В деревне уже топили печи, над крышами поднимались дымы, под ветлами порхались куры и горланили петухи… Ведь они все тоже были вестниками наступающей жизни, вестниками грядущего, да и недаром говорится, что, покуда будет на земле хоть один петух, утро обязательно наступит.
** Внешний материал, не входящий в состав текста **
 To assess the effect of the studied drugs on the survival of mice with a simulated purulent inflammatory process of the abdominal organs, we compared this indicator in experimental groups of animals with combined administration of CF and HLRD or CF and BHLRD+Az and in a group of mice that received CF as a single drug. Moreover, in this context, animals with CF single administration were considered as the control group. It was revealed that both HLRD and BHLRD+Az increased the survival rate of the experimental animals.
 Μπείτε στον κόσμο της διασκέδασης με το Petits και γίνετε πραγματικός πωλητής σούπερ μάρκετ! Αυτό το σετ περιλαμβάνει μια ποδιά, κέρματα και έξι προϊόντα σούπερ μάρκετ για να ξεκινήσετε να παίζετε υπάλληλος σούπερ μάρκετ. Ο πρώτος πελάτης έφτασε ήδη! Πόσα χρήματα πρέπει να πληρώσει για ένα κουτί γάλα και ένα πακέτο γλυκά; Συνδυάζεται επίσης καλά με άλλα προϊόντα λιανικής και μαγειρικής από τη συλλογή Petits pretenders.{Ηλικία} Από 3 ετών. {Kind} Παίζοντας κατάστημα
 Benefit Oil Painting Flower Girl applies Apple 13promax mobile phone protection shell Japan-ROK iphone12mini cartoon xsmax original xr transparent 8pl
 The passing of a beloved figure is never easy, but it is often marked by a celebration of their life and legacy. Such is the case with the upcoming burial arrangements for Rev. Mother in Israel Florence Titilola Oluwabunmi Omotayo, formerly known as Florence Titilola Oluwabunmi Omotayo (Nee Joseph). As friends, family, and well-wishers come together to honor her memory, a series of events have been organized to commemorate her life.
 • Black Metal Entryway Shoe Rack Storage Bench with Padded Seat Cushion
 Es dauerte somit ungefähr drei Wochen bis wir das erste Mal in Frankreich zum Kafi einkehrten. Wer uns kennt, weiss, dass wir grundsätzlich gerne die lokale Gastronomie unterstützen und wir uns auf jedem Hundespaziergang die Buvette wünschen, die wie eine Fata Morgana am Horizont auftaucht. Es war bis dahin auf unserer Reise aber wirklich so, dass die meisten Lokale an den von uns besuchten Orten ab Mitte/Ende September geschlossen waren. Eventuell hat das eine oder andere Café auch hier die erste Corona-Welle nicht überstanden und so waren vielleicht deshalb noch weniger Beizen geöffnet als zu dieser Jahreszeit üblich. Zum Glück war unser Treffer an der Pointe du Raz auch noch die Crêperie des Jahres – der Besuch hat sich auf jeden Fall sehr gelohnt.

Так никого и не встретив ни на улице, ни во дворе, — Дима с Лидой спали еще, судя по всему, — Алексей Петрович сбросил на крылечке сапоги, посидел, чувствуя, как гудят и слабеют ноги, потом едва встал, вошел и тотчас увидел на столике, поверх своих книжек и стопки бумаг, листок телеграммы. Сердце у него дрогнуло, и первое, что он подумал, было — Дина! Но, усмехнувшись этой своей нелепости, он взял телеграмму. Так и есть, телеграмма была с завода, внизу стояла подпись: Кресалов. А ведь Кресалов — это главный инженер, оставшийся исполнять обязанности директора. «Седьмого состоится заседание комитета народного контроля зпт вызывают нас обоих тчк Для подшефного колхоза сегодня отправляю четыре тонны арматурного железа тчк Кресалов».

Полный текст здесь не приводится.